Add the butter pieces and mix through thoroughly till all the pasta is well coated.
Pour in the egg & cheese sauce and mix quickly and thoroughly. (The heat from the hot pasta alone will be enough to coagulate the egg mixture to form a silky smooth sauce-coating. At a higher temperature it would curdle and you'd end up with scrambled eggs.)
Stir through the bacon, mushrooms, spring onion & garlic & rest of parmesan cheese.
Serve and eat pronto! not nice to let it cool because of all that glorious fat.


Saturday, March 22, 2008

The Hard Grind

So we have this quaint little hand-operated coffee grinder now at home. I think everyone would agree, nothing compares to freshly ground coffee. Takes awhile to get there on this little device though, but the fact that you work so hard to get it ground just makes that cup of coffee taste all that much better.
We need a percolator now, the plunger is a bit of waste.

Scalloped Potatoes/Potato Gratin


This is such a beautiful way to serve the humble potato. With it's creamy layers of soft potato and crispy cheesy topping, you can't go wrong. It's dead simple to make too.

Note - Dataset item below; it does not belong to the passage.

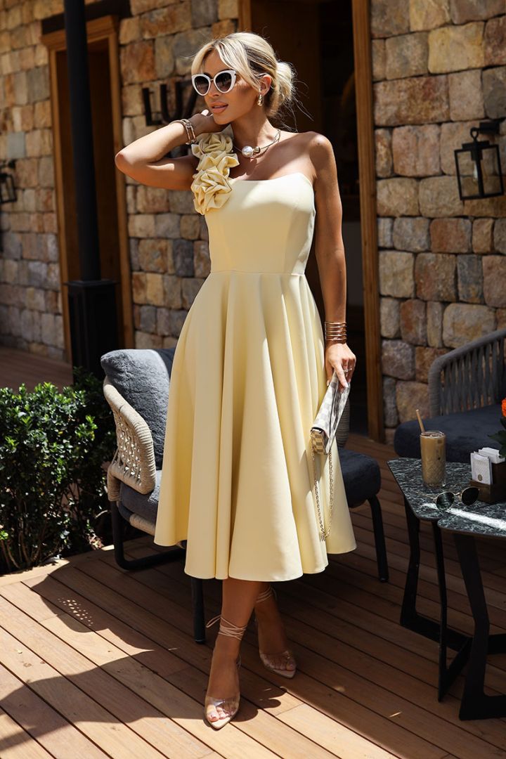 Beżowa sukienka wizytowa maskująca niedoskonałości - Nicolette

1.2kg Potatoes (we used Desiree)
200ml cream
100ml chicken stock (it does pay to always use real chicken stock*, but if you don't have any, use the "real" chicken liquid stock cartons by Campbell or Continental)
50g butter
1 cup grated tasty cheese



Pre-heat oven to 200C.
Thinly slice potatoes and set aside. Melt down butter and grease a medium sized baking dish with some of it (use some scrunched up baking paper). Layer the potatoes into the baking tray and every second layer or so, sprinkle with salt and pepper. Whisk the cream, stock and butter together with a fork. Pour all over the potato layers and finally top with the grated cheese.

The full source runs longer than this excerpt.